Sport-mad MP Kim Leadbeater, who entered politics after the murder of her sister Jo Cox, tells Jessica Hill she hopes to draw from her career in further education to champion the sector
Kim Leadbeater offers me a can of Coke from a small fridge hidden away in her Westminster office, and cracks open one for herself.
Leadbeater, who is best known for spearheading the terminally ill adults (end of life) bill, is a rare species these days as an influential politician who has also experienced life on the coalface of FE. She is refreshingly down to earth for an MP, perhaps because she never intended to become one in the first place.
After taking a degree in exercise and fitness at Dewsbury College (now part of Kirklees College), Leadbeater spent 10 years teaching at Bradford College and describes herself as a “passionate advocate for FE”.
Her route into Parliament followed the murder of her sister Jo Cox, propelling the unassuming college lecturer into the national spotlight.

Horrific attack
It was seven days before the EU referendum, and Leadbeater had taken the day off from her Bradford College job to look after her partner who had just had an operation.
As keen football fans, the pair were about to watch a match on TV. Leadbeater had just dashed out for a run to collect her car from a service when she received the call about her sister.
Cox, who was married with two children, was leaving her constituents’ surgery when she was attacked by a gunman who shouted ‘Britain first’ as he stabbed and shot her.
Leadbeater had been lecturing on an exercise course three days a week while teaching “cheesy eighties aerobics classes” on other days, but planned to quit her college job to start a Master’s degree.

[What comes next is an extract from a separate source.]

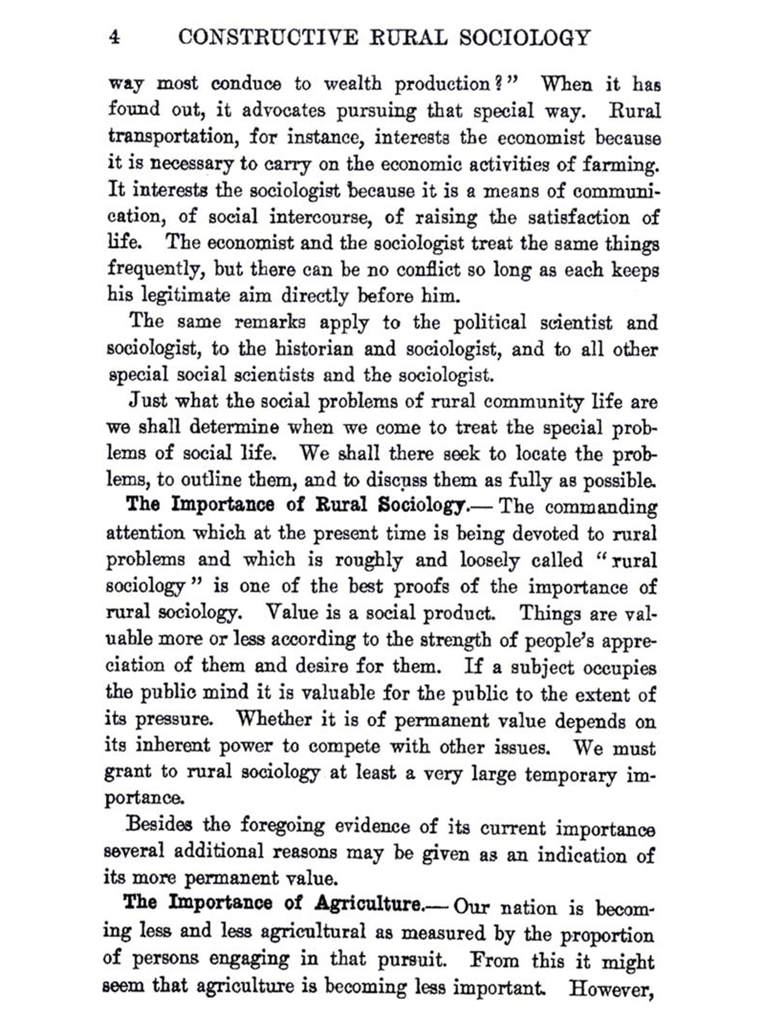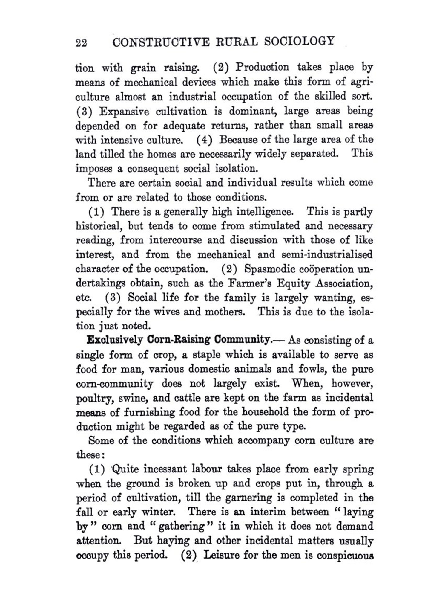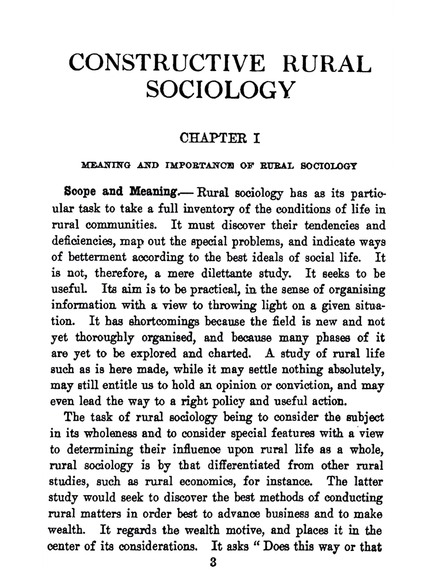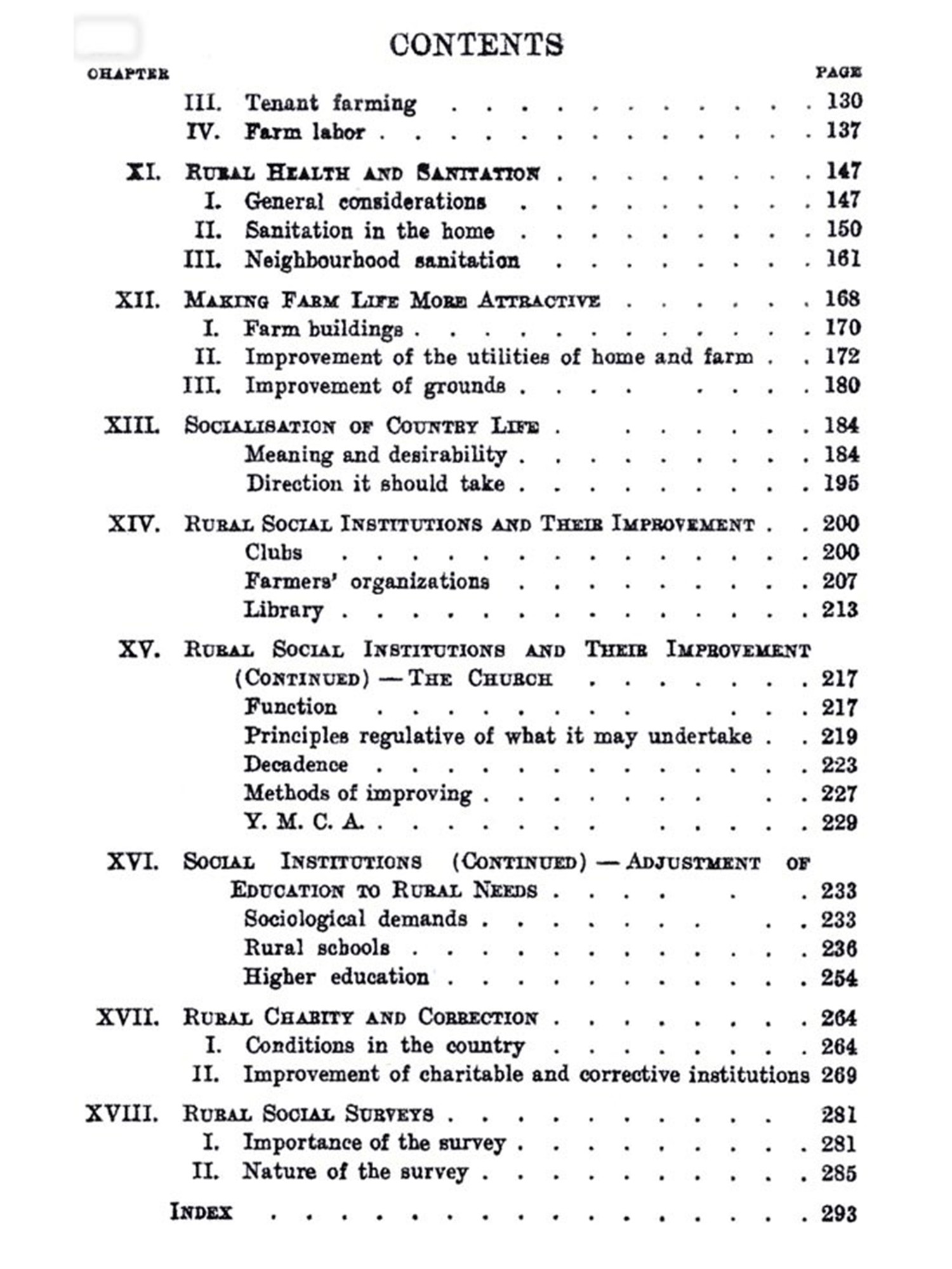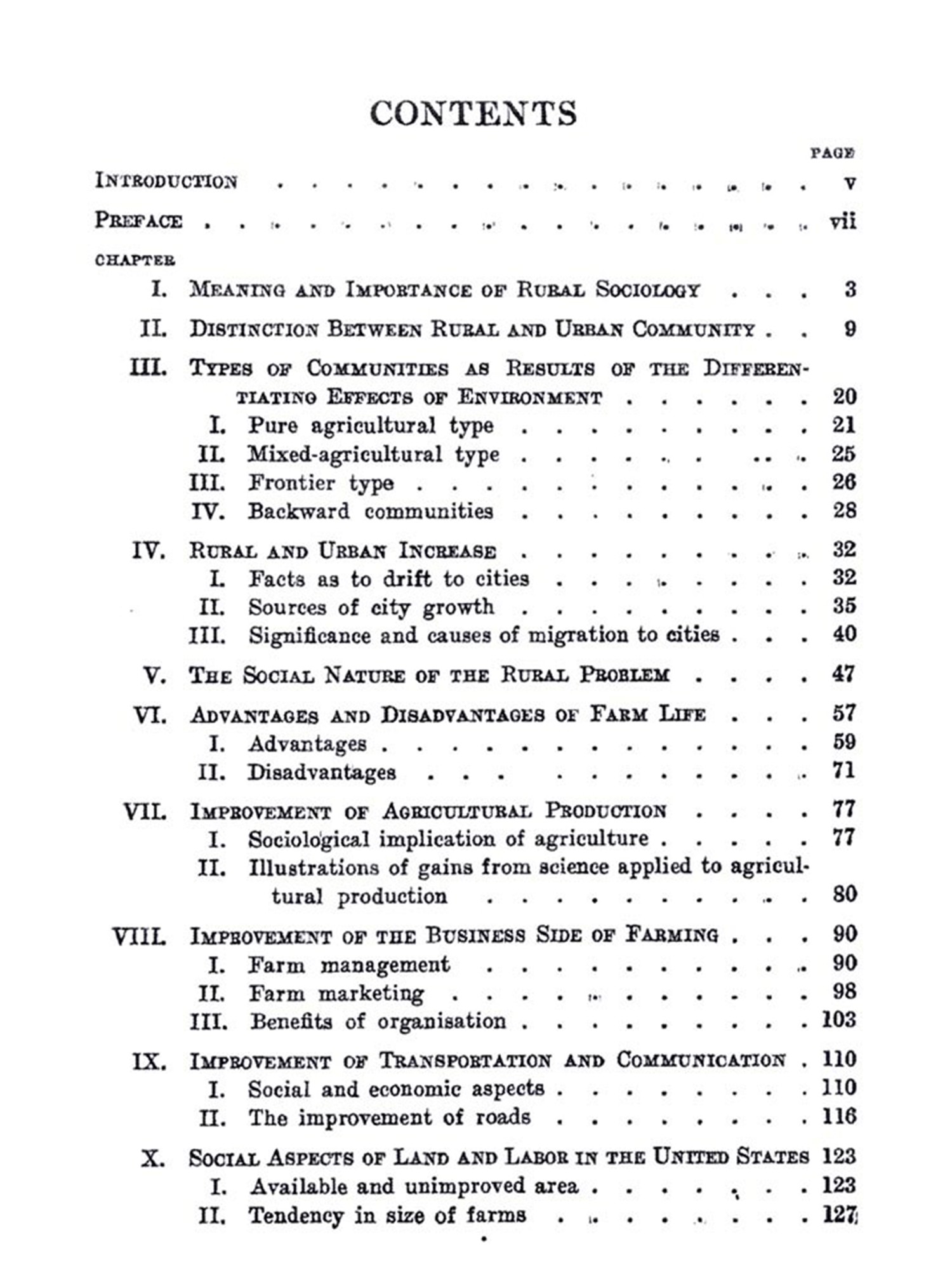 Rural conditions are attracting widespread attention. Numerous articles and volumes dealing with country-lifo matters have appeared during the past few years. While many of the books issued are exceedingly useful hardly any of them could be considered a rural sociology. To consider together the various phases of the life of the rural com-munity and so to organise and present them that they shall convey a knowledge and appreciation of the problems of country life is surely a useful undertaking. The present modest volume is an attempt to do this. The writer's interest in rural matters was first aroused by Professor Charles R. Henderson's course on "Rural Communities" at the University of Chicago in 1900. A course of lectures entitled "North Dakota Sociology" was offered students of the University of North Dakota in 1908. But in order to interpret many local conditions a larger comparative study was necessary. This larger un-dertaking furnished the foundation for the present volume. In this volume it is sought to define the scope of rural sociology, to differentiate between rural and urban communi-ties, to distinguish the types of rural communities in the United States and to indicate the physical and social influ-ences which have produced them, to consider the movement of population from country to city and the nature of the moving conditions, to compare the advantages of country and city, to mark out the nature of the rural problem, to con-sider the improvement of agriculture, farm marketing, farm labour, and the farm home so far as they concern rural com-munity welfare, and to take an inventory of social institu-tions and indicate how they may be improved.

Cox’s death “changed everything forever” for her, and she instead took on the mantle of championing the causes of community cohesion and civility in politics that had been so dear to her sister.

Joining politics
Cox had entered Parliament for Batley and Spen the previous year. Her first Commons speech, in which she said“we are far more united and have far more in common than that which divides us”, struck a chord with those who felt the country had become uncomfortably polarised in the run up to the EU referendum.
Leadbeater worked with others who knew Cox to set up the Jo Cox Foundation, to continue her sister’s work of bringing communities together.

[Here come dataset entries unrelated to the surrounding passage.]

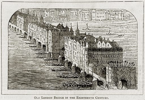 By the twelfth century, a once thought permanent stone bridge emerged under the watchful eye of Peter de Colechurch. De Colechurch was a priest at St. Mary’s who began the construction of the foundation for the first stone arch (London) bridge in 1776. When completed in 1209, this medieval bridge became famous for its rows of shops and houses, turning a crossing of the river into a chaotic experience through a neighborhood suspended high above the river.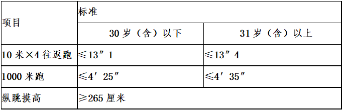 2.體能測試為達(dá)標(biāo)制,并采取一票否決制。達(dá)到規(guī)定項(xiàng)目標(biāo)準(zhǔn)即為合格,否則為不合格,進(jìn)入筆試環(huán)節(jié)。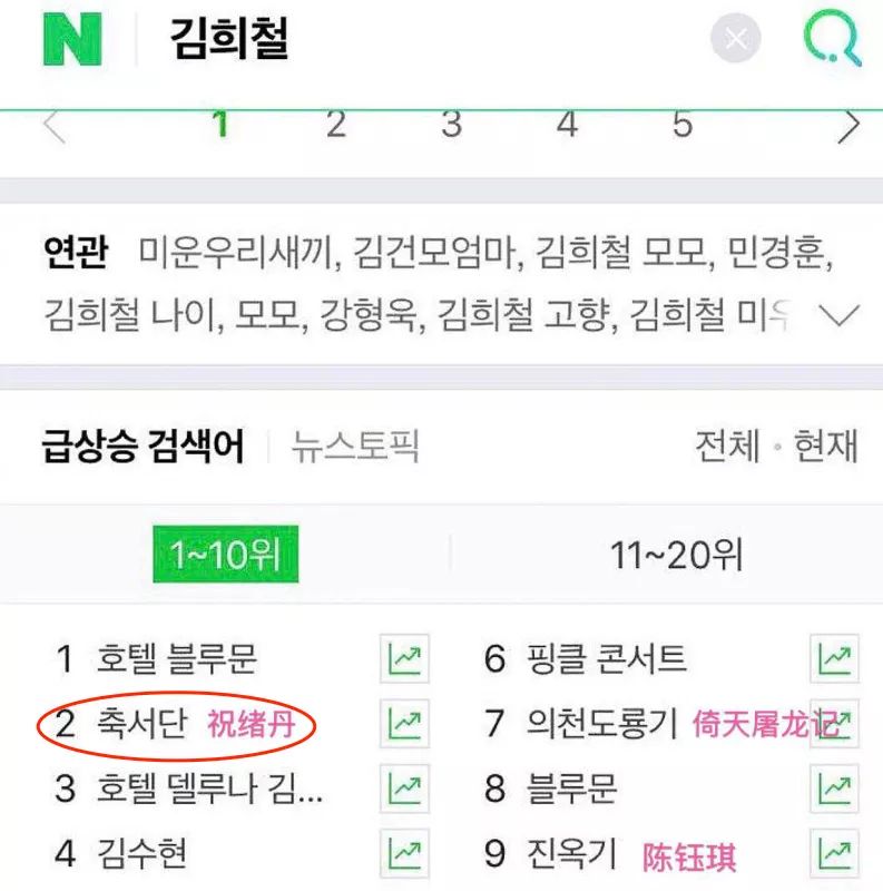 因為金希澈的狂熱,祝緒丹在中國沒上熱搜,反倒在韓國上了。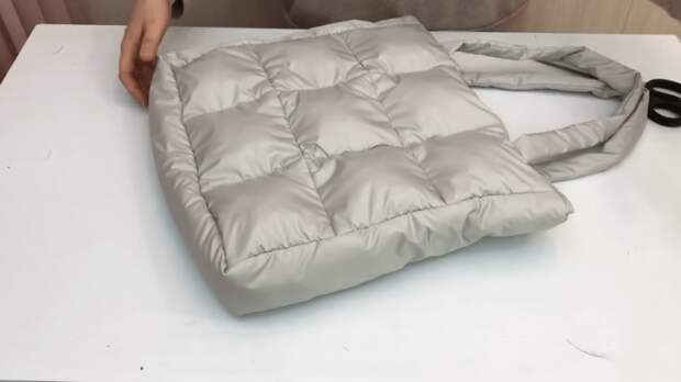 По форме сумка может быть любой. Главная фишка заключается в наличии отсеков с набивкой. В нашем случае для сумки выбрана квадратная форма. Для пошива используются: плащевка, подкладочная ткань и синтепон в приблизительно равных количествах, а также искусственный пух или другой наполнитель для набивки выпуклых фрагментов. Рассмотрим пошив на примере квадратной сумки, каждая из сторон которой разделена на 9 маленьких квадратов.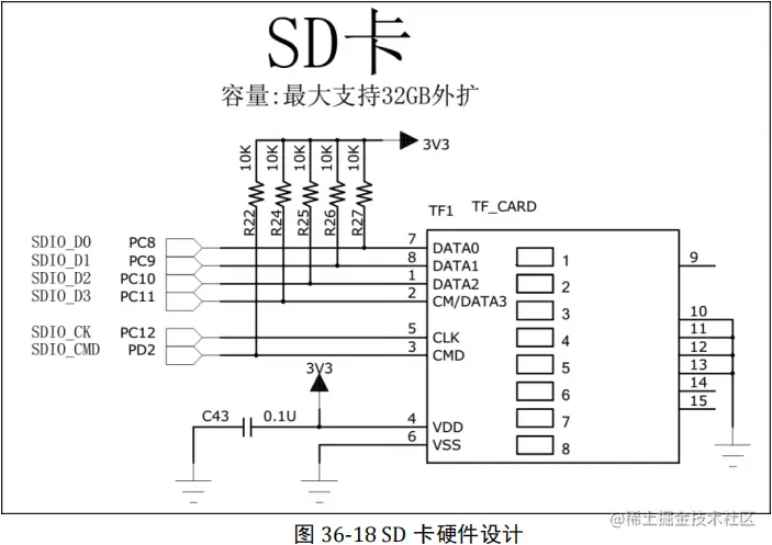 STM32 控制器可以控制使用单线或 4 线传输,本开发板设计使用 4 线传输。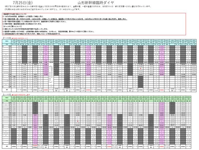 山形新幹線 7月22日(火)~31日(木)の運転計画を発表 しかし現在も不具合の原因究明・復旧のめど立たず JR東日本発表 テレビユー山形 2025年7月18日(金) 06:54 国内 ■24日 ■25日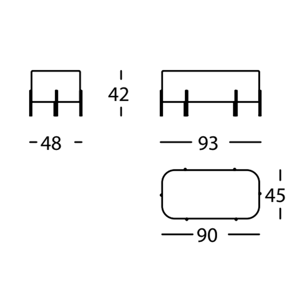 Pouf tapizado con patas grafito. Dimensiones: 90x45x42h cm.

She spent the next five years working on initiatives like the Great Get Together campaign, in which community events take place across the UK each year on Cox’s birthday weekend in June.
Then in 2021, Tracy Brabin, who had replaced Cox as MP for Batley and Spen, stood down to run for mayor of West Yorkshire. When it was suggested Leadbeater should stand in her place, “absolutely not” was her initial response.
But she also felt strongly that as a lifelong resident of the area, the seat should not go to someone who “didn’t care about the community in the way that I did”.
“My view was that it would always be Jo’s seat, and it would be very upsetting for us as a family if somebody without the emotional connection and loyalty to the area was doing that job.”
The Labour Party “wasn’t in a great place at the time”, having lost a byelection in Hartlepool. Leadbeater ran against George Galloway and his Workers Party of Britain in a “very toxic” campaign. At one point she was chased to her car and required police protection.
“It was a really poor example of how politics should be done, which is precisely what I didn’t want,” she says.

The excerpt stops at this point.